# Get rid of the video ads...



## dannnn (Nov 15, 2011)

Sometimes whilst at work I think I'll just have a quick look to see what's happening on UK-M, not logged in or anything... and then all of a sudden an advert for condoms plays through my speakers... awkwardness ensues.

Do you need these types of video ads? Can you stop these adverts from playing automatically on threads? or mute them by default?

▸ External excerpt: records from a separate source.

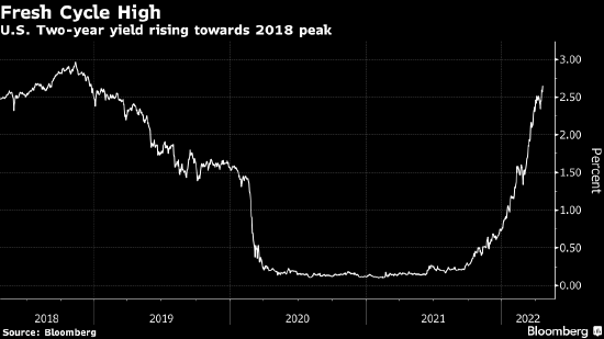 对政策敏感的两年期收益率攀升14个基点,至近2.72%的周期新高,5年期收益率升幅类似,达到3%,为2018年末以来的最高水平。交易员押注,美联储5月、6月和7月会议每次都将加息50个基点。市场还开始押注5月或6月政策会议加息75个基点的可能性。卖压在整条曲线上蔓延,7年期收益率上升13个基点,至3%。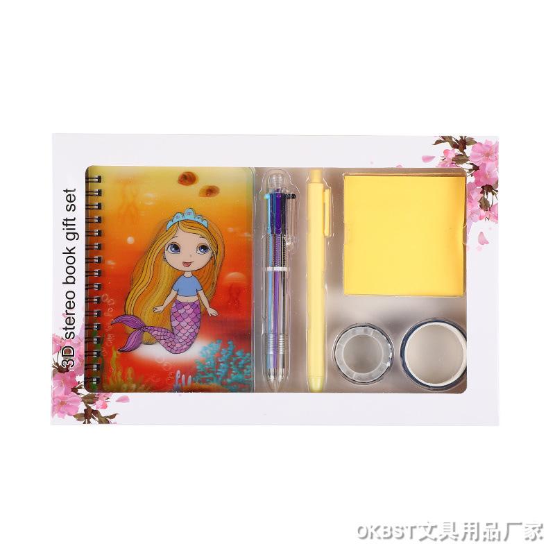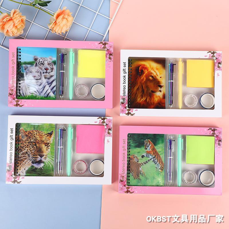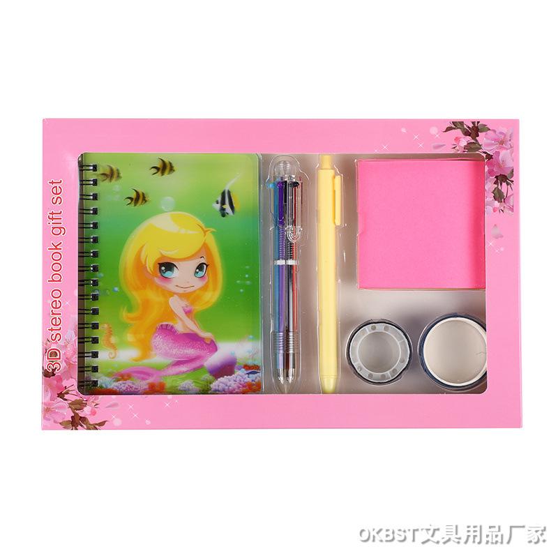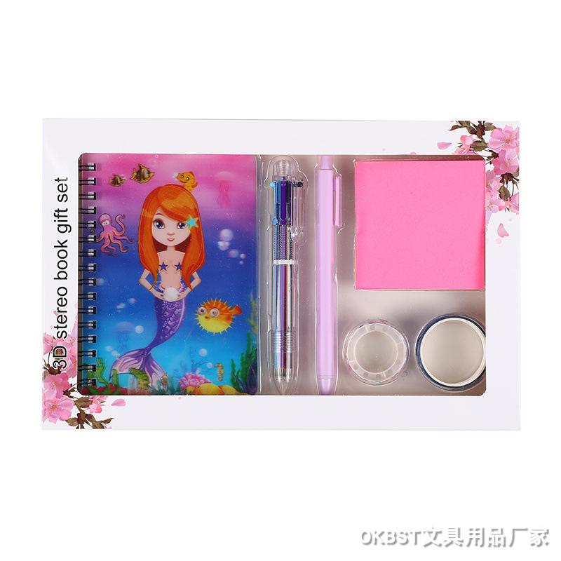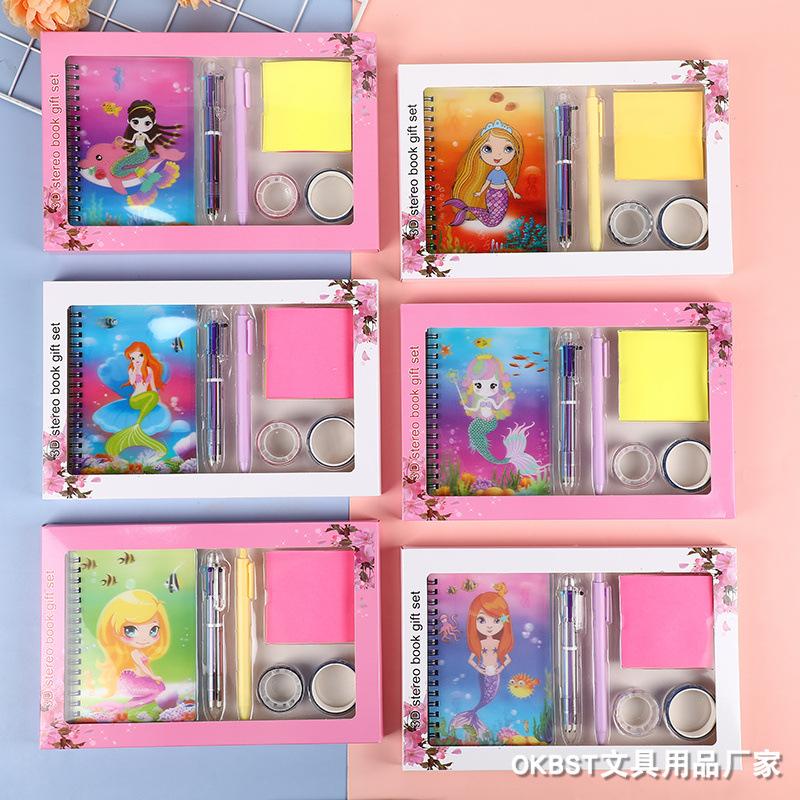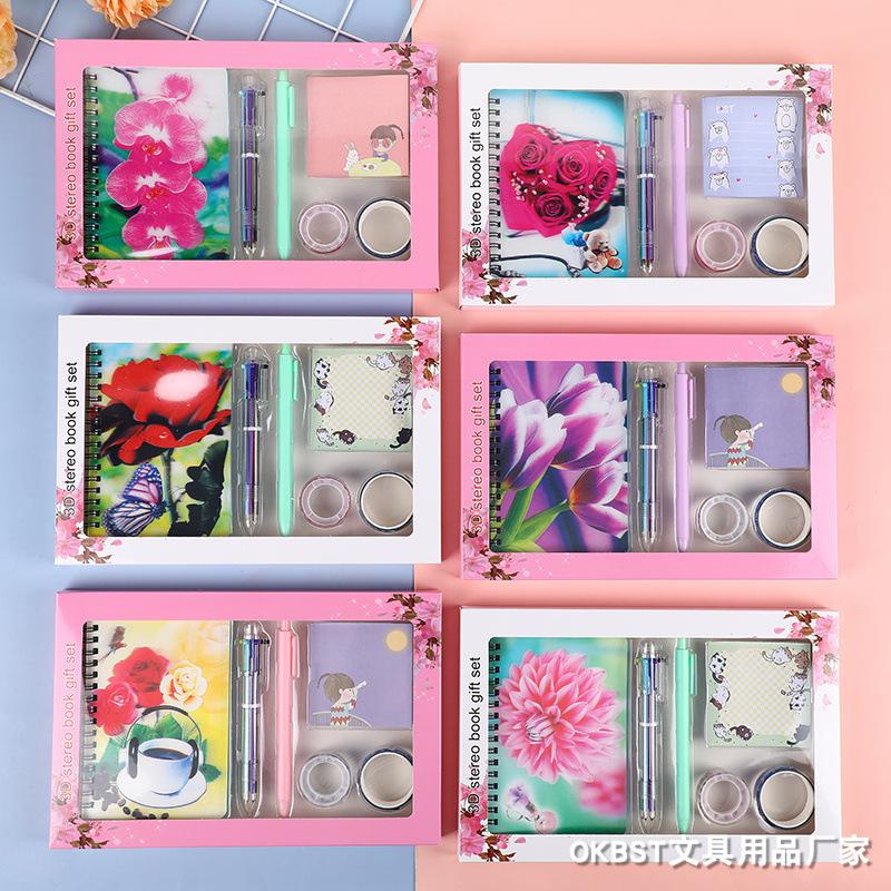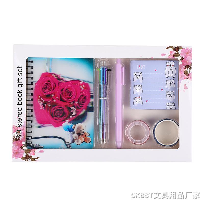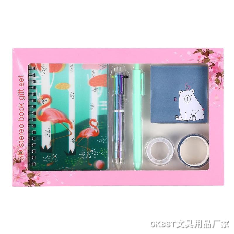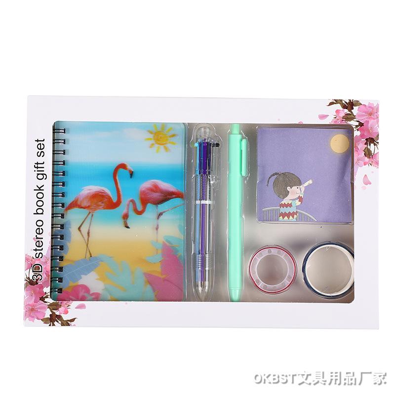 Set de Regalo de Papelería Cuaderno Libreta de Dibujo de Dibujos Animados Transfronterizo 3D Unicornio Niña Corazón Flamenco Pareja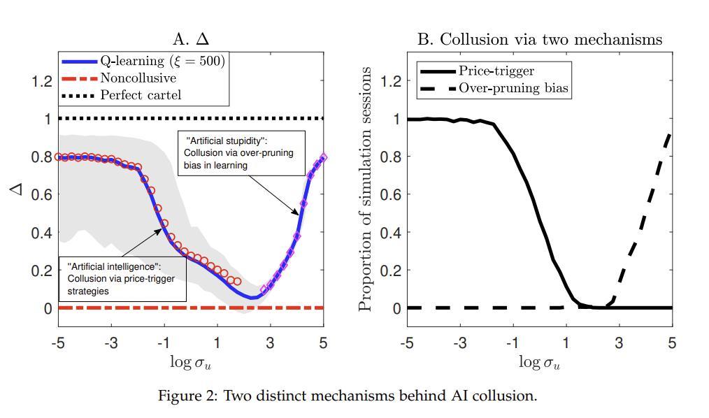 图注:AI在低噪声时通过价格触发策略合谋(人工智能),高噪声时因学习偏差导致非理性合谋(人工愚蠢),合谋机制随噪声水平变化。
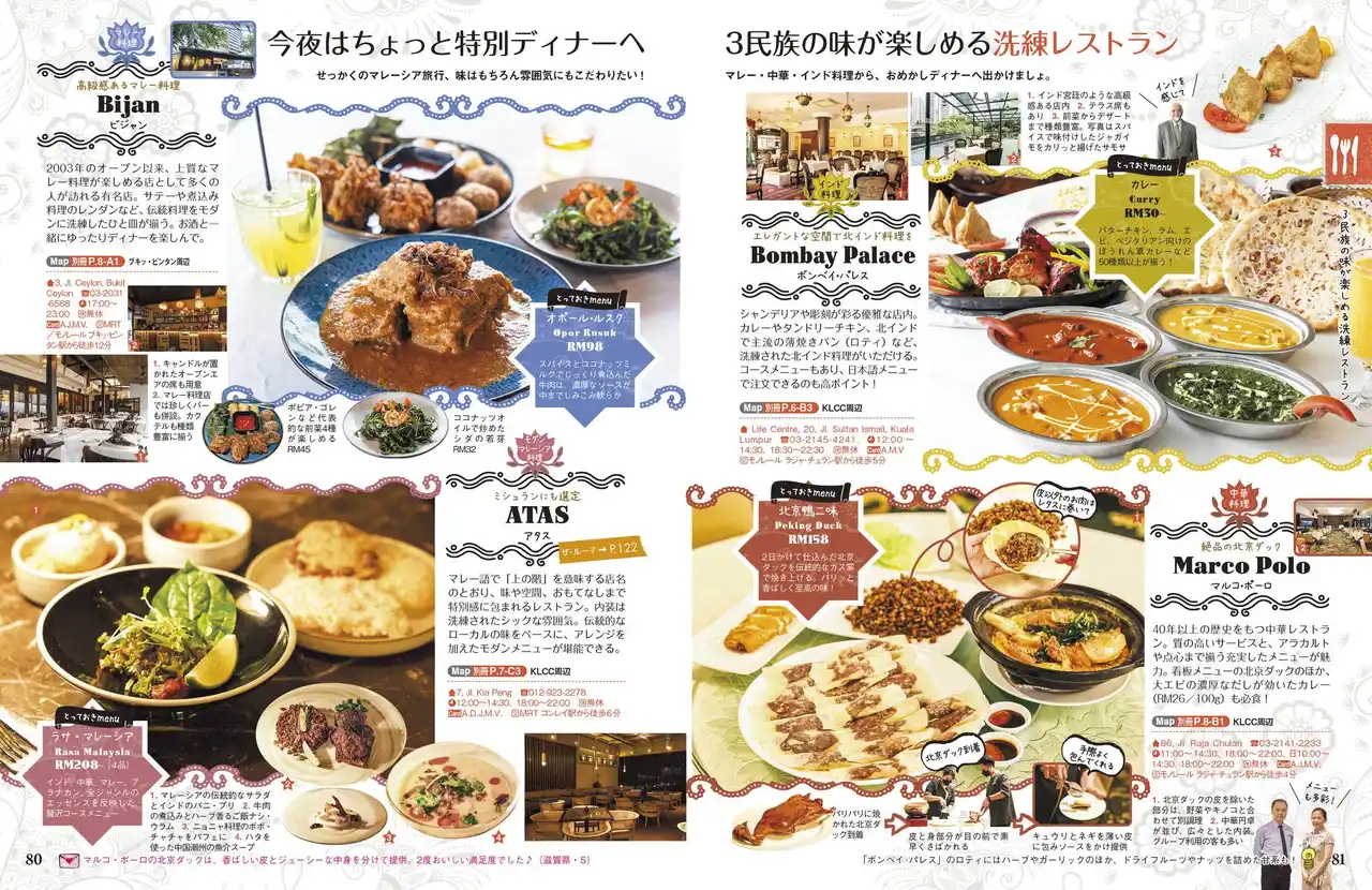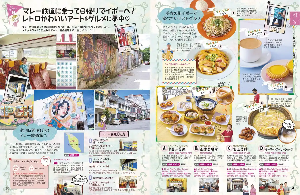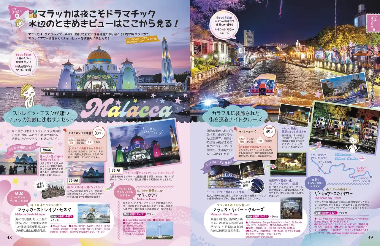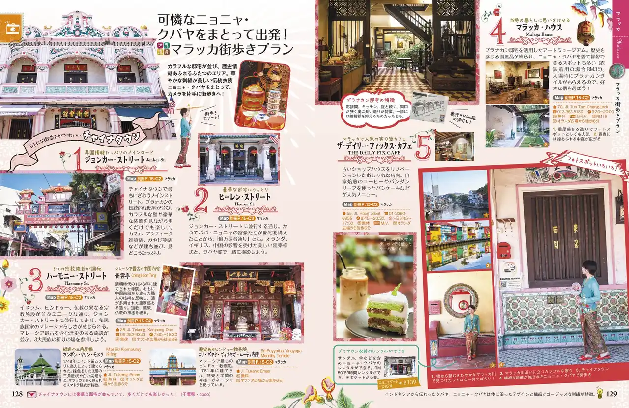 | 世界遺産の街マラッカでは、カラフルな建物や歴史ある教会、異国情緒あふれる街並みの散策が楽しめます。伝統のニョニャ料理や地元で愛される名物食堂、プラナカンの世界を堪能できる博物館などマラッカならではの魅力を10ページ以上にわたってたっぷりご紹介します。 | |||||||

I know if I logged in they'd disappear, but sometimes I'm just having a quick browse for a few minutes.


----------



## husky (Jan 31, 2010)

pays for the board-you wanna start having to pay for being on here? besides you should be working:whistling:


----------



## FlunkyTurtle (Aug 5, 2013)

dannnn said:


> Sometimes whilst at work I think I'll just have a quick look to see what's happening on UK-M, not logged in or anything... and then all of a sudden an advert for condoms plays through my speakers... awkwardness ensues.
> 
> Do you need these types of video ads? Can you stop these adverts from playing automatically on threads? or mute them by default?
> 
> I know if I logged in they'd disappear, but sometimes I'm just having a quick browse for a few minutes.


Cant take you seriously when all i can imagine is you saying "i dont know if you heard but i did over a thousand...."


----------



## Lorian (Apr 9, 2003)

dannnn said:


> Sometimes whilst at work I think I'll just have a quick look to see what's happening on UK-M, not logged in or anything... and then all of a sudden an advert for condoms plays through my speakers... awkwardness ensues.
> 
> Do you need these types of video ads? Can you stop these adverts from playing automatically on threads? or mute them by default?
> 
> I know if I logged in they'd disappear, but sometimes I'm just having a quick browse for a few minutes.


Sorry I somehow missed this thread.

Ads will be coming from a different source from December onwards. I believe that video ads will be a lot less likely.

As you say though, you can always login to remove them.


----------